* [GOAL OF THE EXERCISE] For this exercise, reproduce only the lines from the one holding "Acer【】Bluetooth Mouse Wireless1600" through the final line of the data below, exactly, and omit pictures.

Stored dataset items:
--

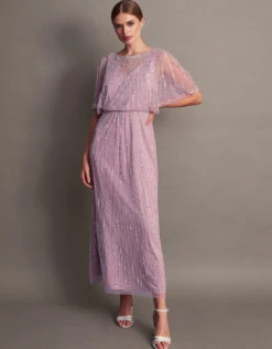 With sequins sat in liner patterns and blooming florals enhancing the cape, Elizabeth is sure to mesmerise at special occasions. Her angelic bodice is built with tulle sleeves and a relaxed fit, that seamlessly slips into a slimline skirt. Spun in recycled polyester, take a look at the flattering V shape on the back with a concealed zip to fasten.
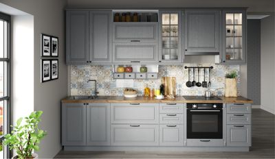 Стоимость указана за погонный метр данной кухни в базовой комплектации без учёта цены столешницы, техники и мойки со смесителем.
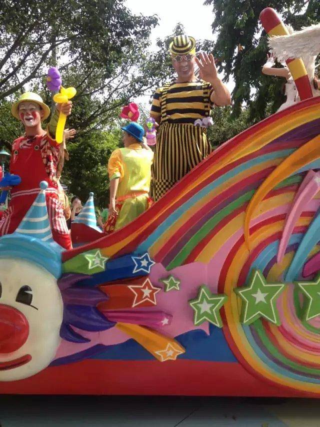 会有花车巡展。好多的外国人在表演~长隆的3D的效果非常好,上午玩累了可以下午就去影厅坐坐,会播放几十分钟的3D动画,我看的是小门神。还有星际穿越~都不是很长的
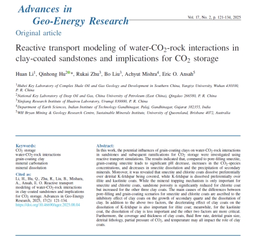 论文信息:Li, H.,Hu, Q.,Zhu, R.,Liu, B.,Mishra, A.,Ansah, E.O., 2025. Reactive transport modeling of water-CO2-rock interactions in clay-coated sandstones and implications for CO2storage.Advances in Geo-Energy Research,17(2): 121-134.//doi.org/10.46690/ager.2025.08.04.
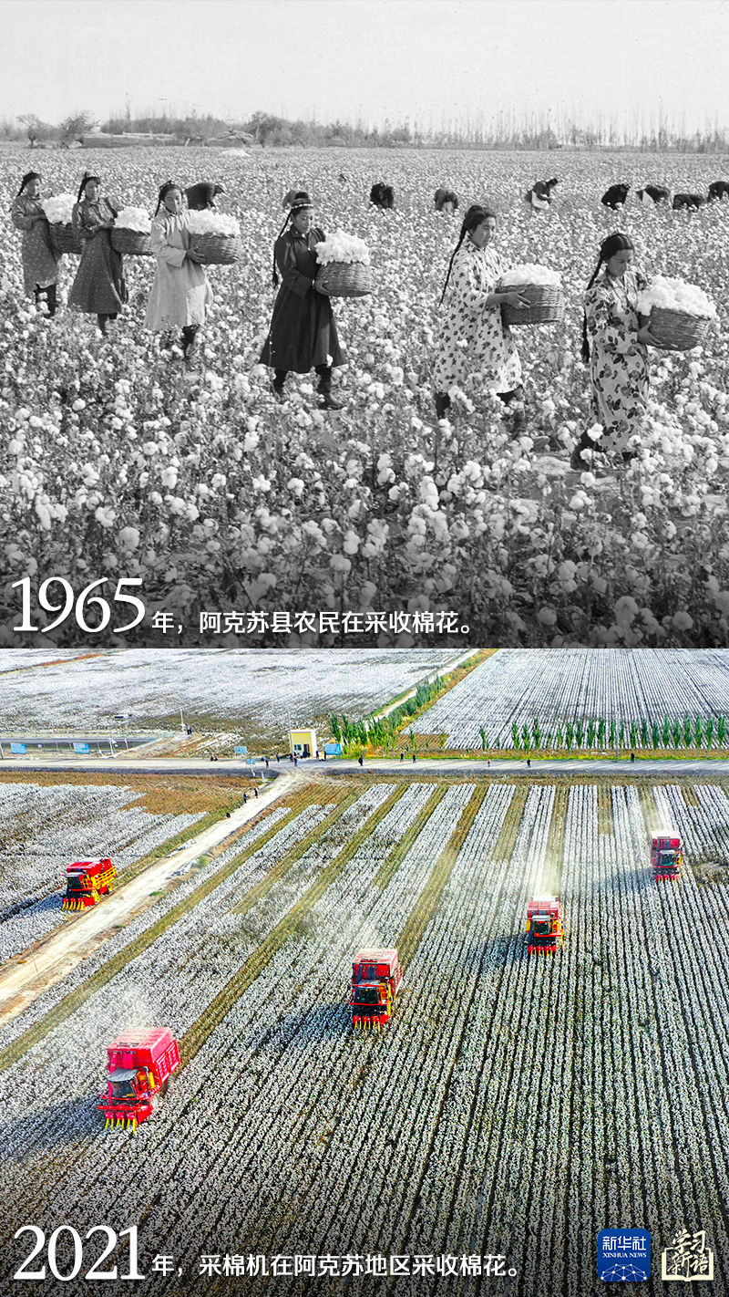 我們選取成就展上的一組照片,通過新舊對比,用鮮活的事實展現(xiàn)新疆取得的輝煌成就,一起感受翻天覆地的發(fā)展變化。
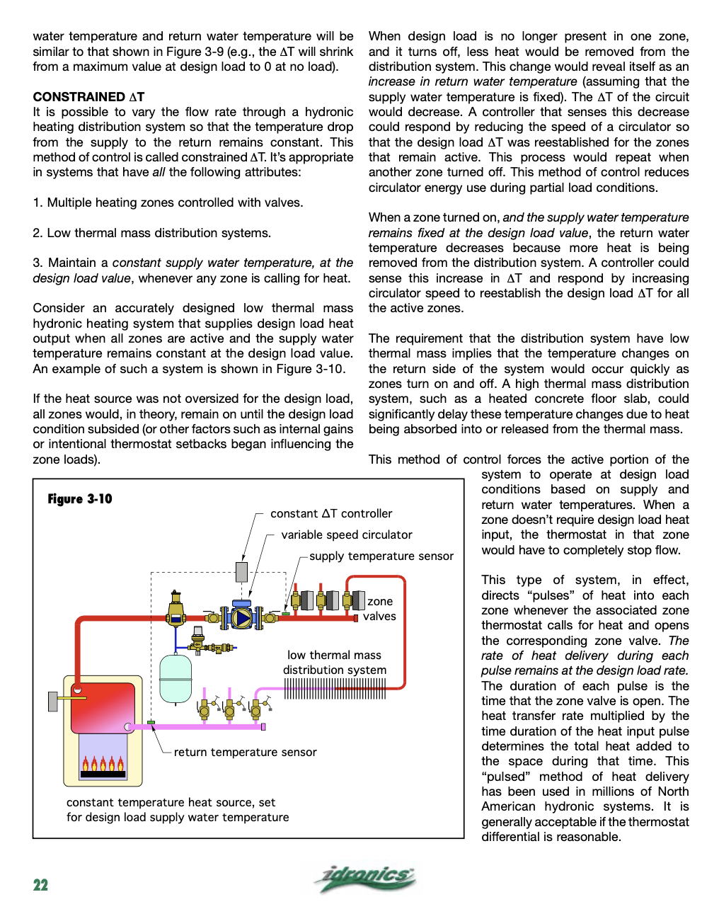 The load on a building constantly changes based on temperature, wind, occupant use, internal gains, etc. So ideally a heating system that could monitor that and change accordingly would be good. Allowing the delta T to move around as loads inevitably change a common way to control.
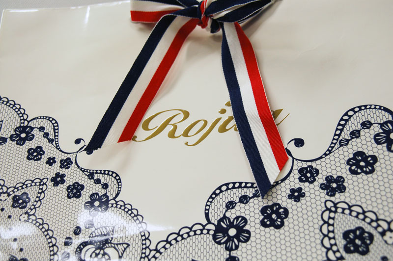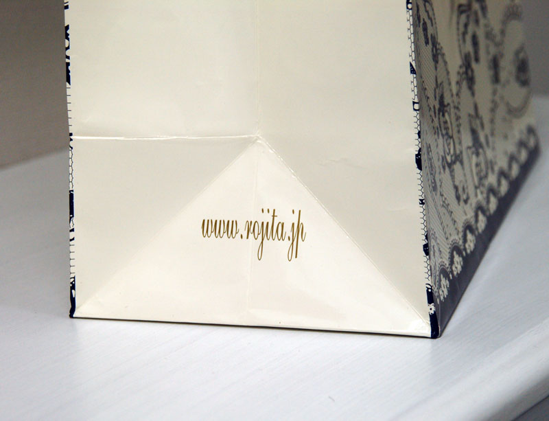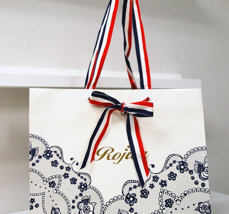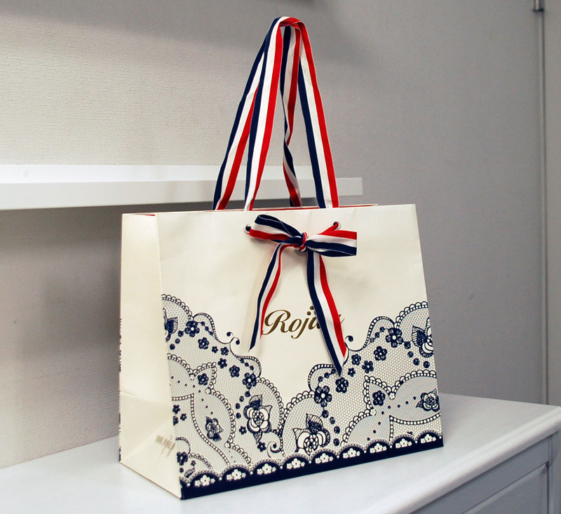 リボン使いが素敵なショップ袋2012年07月09日 こんにちはベリービーの芦谷です。 今日はリボンのアクセントが素敵な紙袋をご紹介します。 トリコロールのリボンがとっても印象的です。 手提げ紐にグログランテープを使用していますが、 通常の単色だけでは無く、このリボンのように 3色の組み合わせのリボンもあります。 ロゴは浮き出しで印象的ですね。 この紙袋のように リボンにアクセントを加えるだけで かなりの存在感を引き立てます。 サイドにはシンプルにURLが印刷されています。 やはり内側にインパクトのあるカラーを配置するのが 今っぽい仕様ですね。
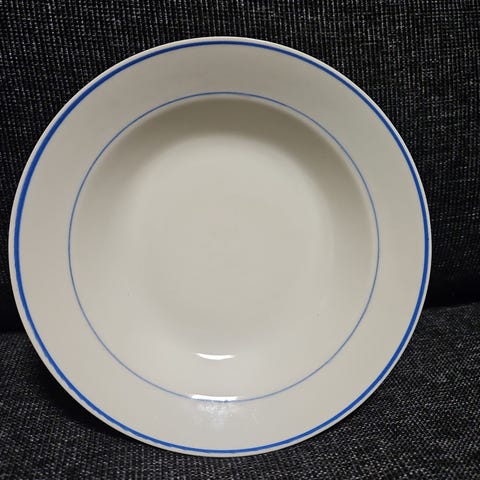 Myydään 2kpl Arabia Siniraita syviä lautasia. Lautasissa erilaiset leimat. Piippuleimaisessa lautasessa alareunassa pieni lohkeama, ei näy yläpuolella.
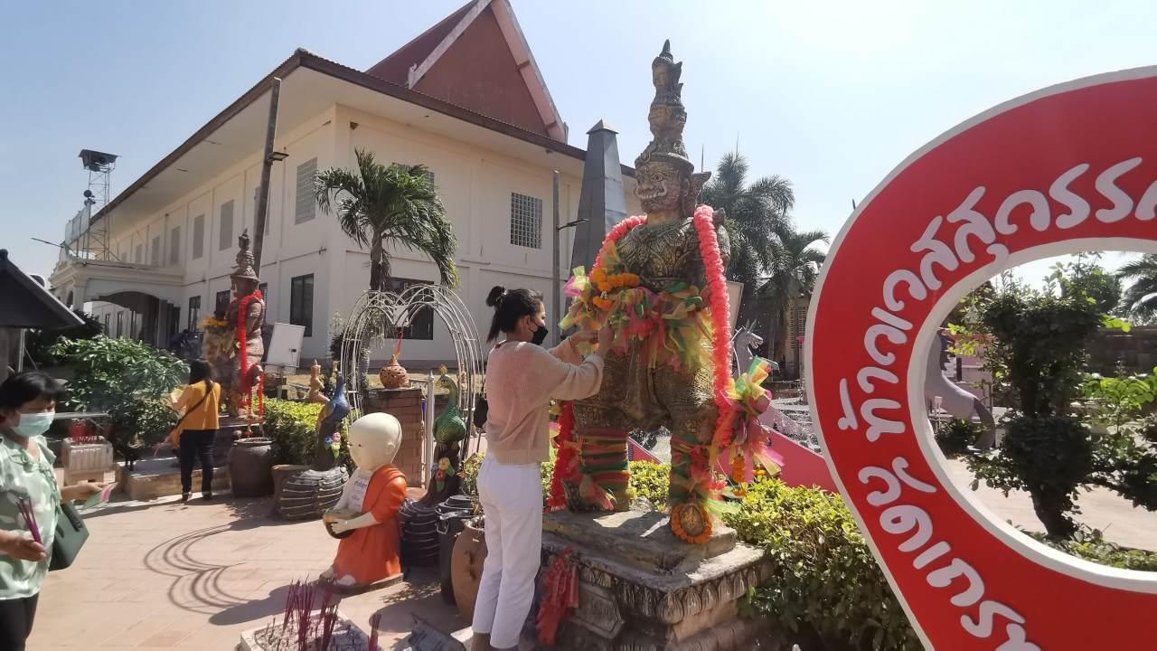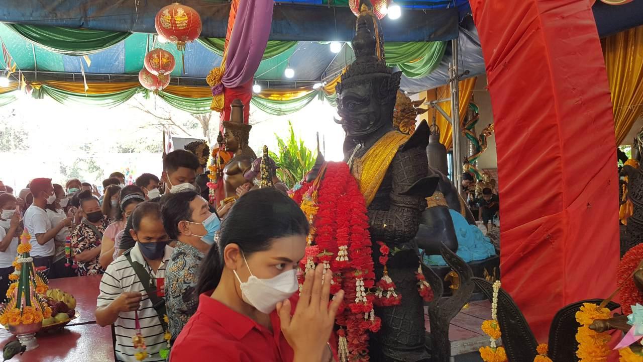 ชาวบ้านเดินทางมาขอโชค "ท้าวเวสสุวรรณโณ" วัดเถรพลาย ไม่ลืมจุดธูปมงคลขอ "เลขเด็ดงวดนี้" ปรากฏว่าได้หมายเลข 290 ซึ่งจะนำไปซื้อสลากกินแบ่งรัฐบาลลุ้นโชคในงวด 1/2/66
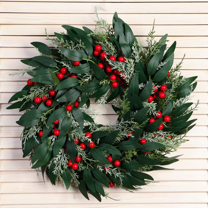 Венок новогодний d=33 см «Зимнее волшебство. Уютная сказка» листья, ягоды, веточки
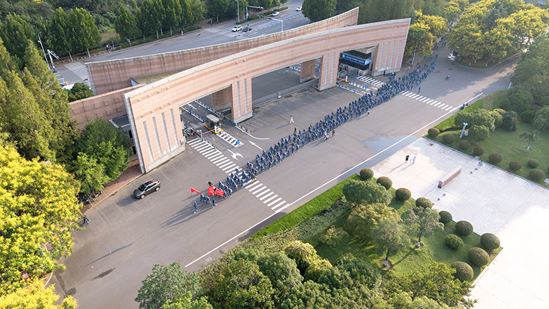 随着副校长诸葛福民宣布“出发”声响起,校长曾庆田带着“百人领跑团”率先领跑,领跑团由全国最美辅导员范俊峰和“我心目中的好老师”、马拉松协会、2025级新生代表100余人组成,带领同学们全程参加10公里拉练。随后,各营在鲜红的旗帜引领下,以饱满的热情和昂扬的斗志,迈出坚实的步伐,开启行军拉练。
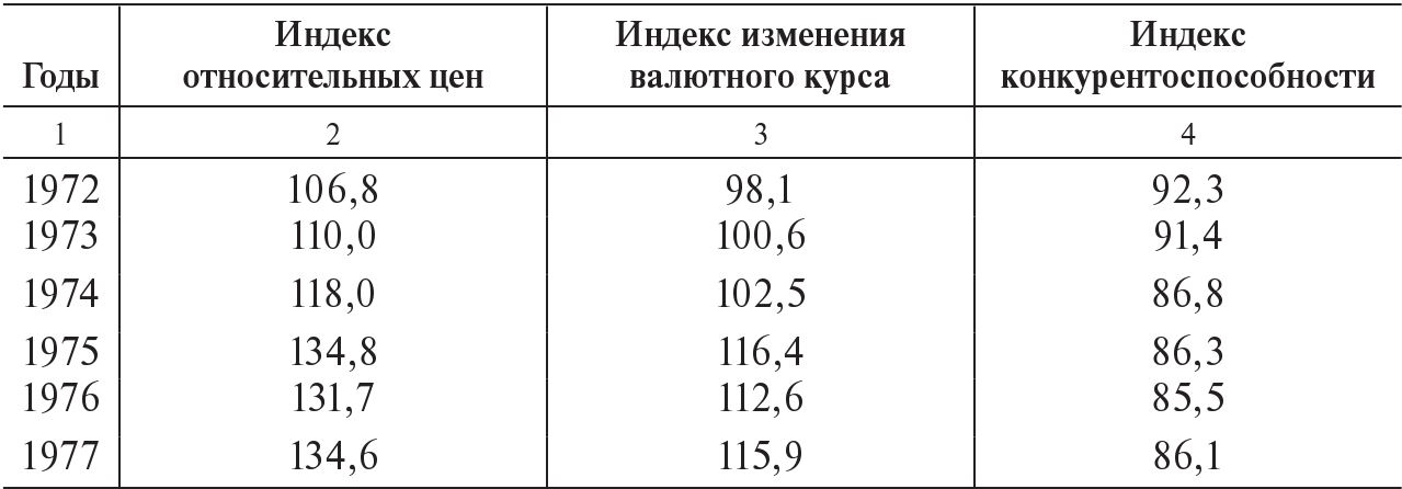 Индексы относительных цен, изменения валютного курса и конкурентоспособности (1971 г. = 100)
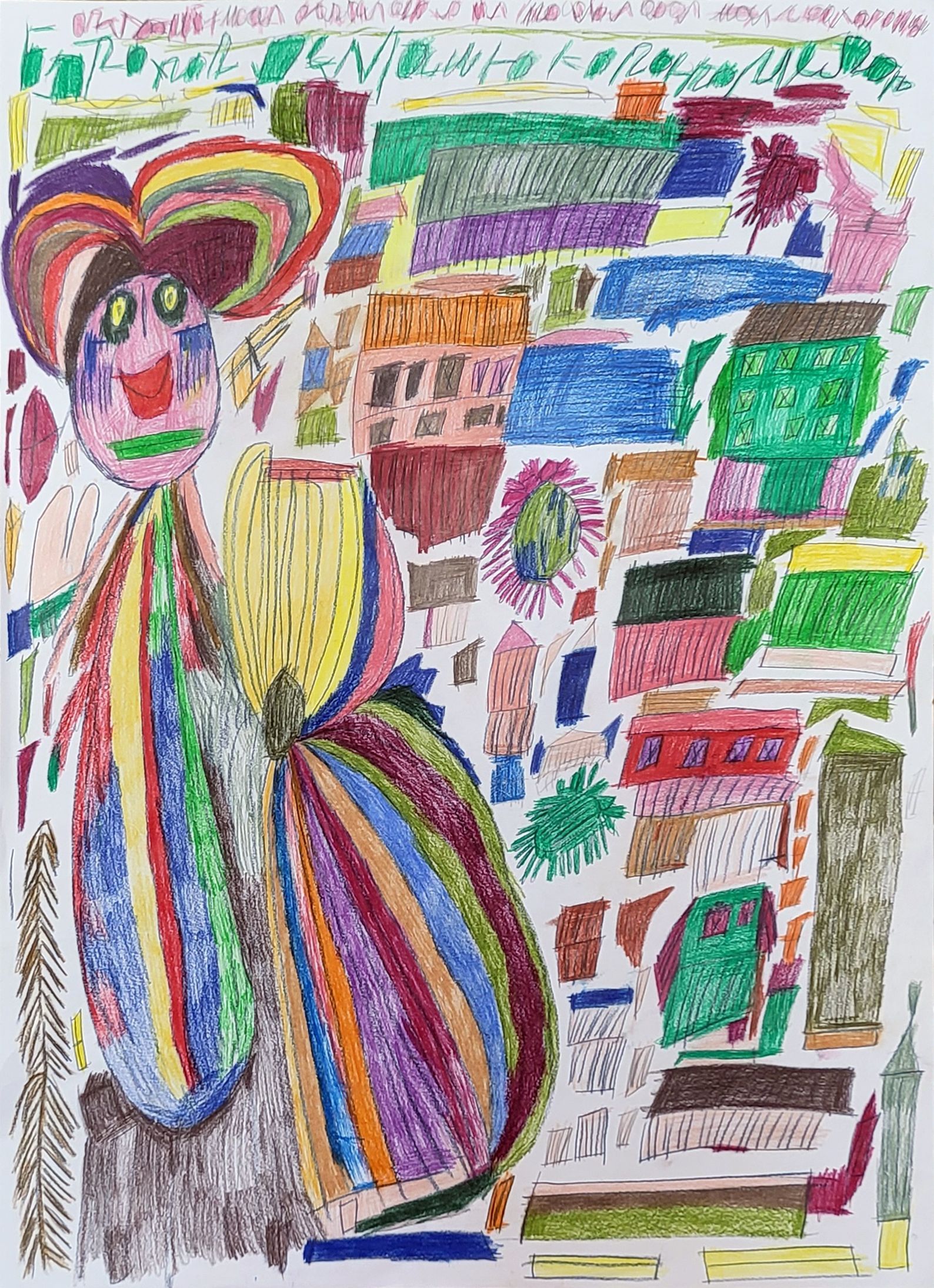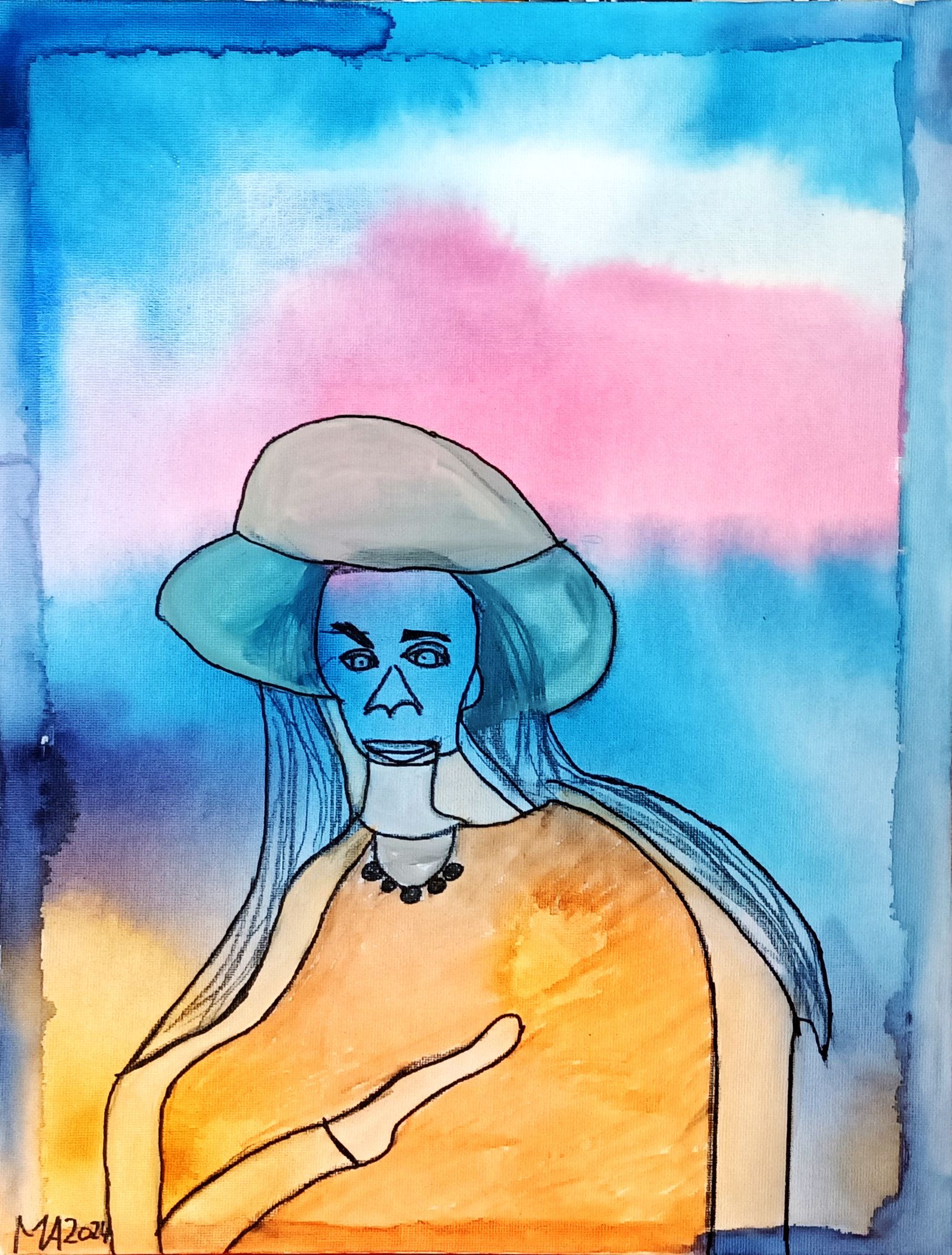 Khrystyna Maidaniuk arbeitet seit 2023 im Kunstraum, nachdem der Aufenthalt in der Ukraine durch die Kriegsereignisse für sie zu gefährlich wurde. Neun Bilder von ihr wurden ausgestellt. Sie drehen sich um die Erinnerungen, die sie an ihre Heimat hat.
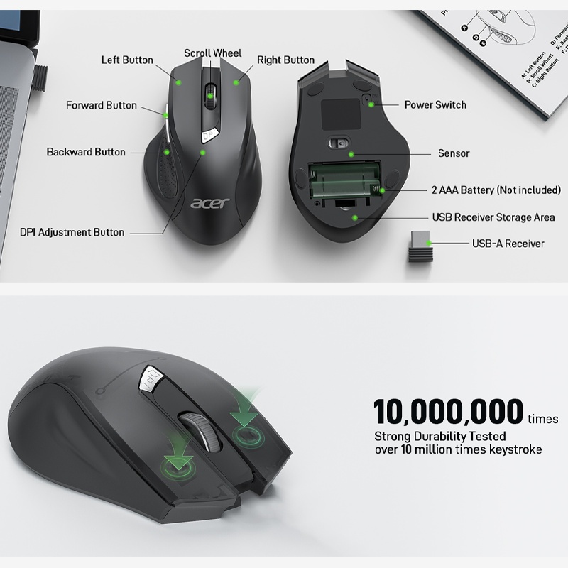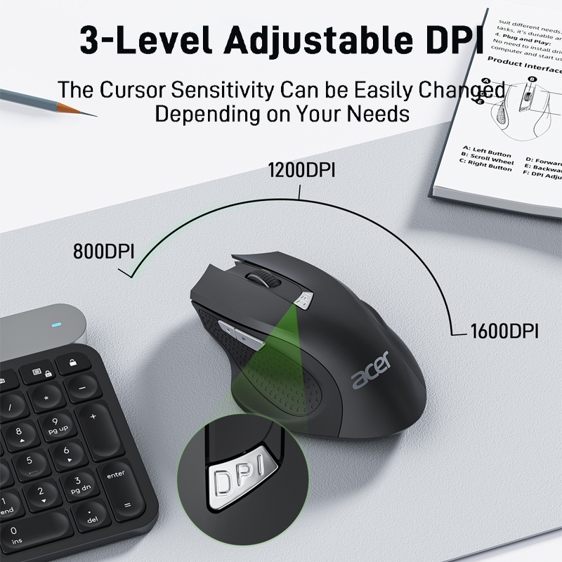 Acer【】Bluetooth Mouse Wireless1600 DPI three-speedPortable Silent Click USB Power Saving Mouse
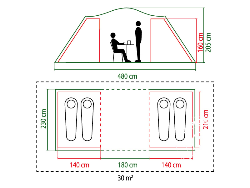 Med ett högkvalitativt campingtält av Coleman, kan du se fram emot massor av kul med din familj i detta trevliga tält, som både är rymligt och enkelt att sätta upp. Det ger dig mer tid att utforska naturen, spela spel och berätta historier runt elden. Detta familjetält av Coleman är perfekt för både resor med många stop där du måste sätta upp och ta ner tältet ofta, men även för resor där du bor längre perioder på samma plats. Tältet ger den komfort du vill ha, när du vill njuta av naturen utan att behöva oroa sig för någonting. Tältet har två sovrum som är placerade mitt emot varandra - vilket är perfekt när ni åker och campar med vänner eller tillsammans med äldre barn - och ett vardagsrum mellan sovrummen med god ståhöjd.
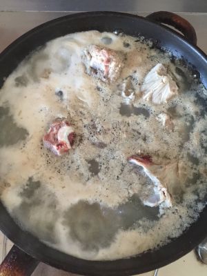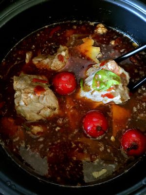 将飞水后的羊蝎子和炒好的辅料加水入电锅,我加了几颗红果,料酒 盐 花椒 糖 老抽,然后放到“炖”那档,时间是两小时

--

* [TASK RESULT]
 Acer【】Bluetooth Mouse Wireless1600 DPI three-speedPortable Silent Click USB Power Saving Mouse
 Med ett högkvalitativt campingtält av Coleman, kan du se fram emot massor av kul med din familj i detta trevliga tält, som både är rymligt och enkelt att sätta upp. Det ger dig mer tid att utforska naturen, spela spel och berätta historier runt elden. Detta familjetält av Coleman är perfekt för både resor med många stop där du måste sätta upp och ta ner tältet ofta, men även för resor där du bor längre perioder på samma plats. Tältet ger den komfort du vill ha, när du vill njuta av naturen utan att behöva oroa sig för någonting. Tältet har två sovrum som är placerade mitt emot varandra - vilket är perfekt när ni åker och campar med vänner eller tillsammans med äldre barn - och ett vardagsrum mellan sovrummen med god ståhöjd.
 将飞水后的羊蝎子和炒好的辅料加水入电锅,我加了几颗红果,料酒 盐 花椒 糖 老抽,然后放到“炖”那档,时间是两小时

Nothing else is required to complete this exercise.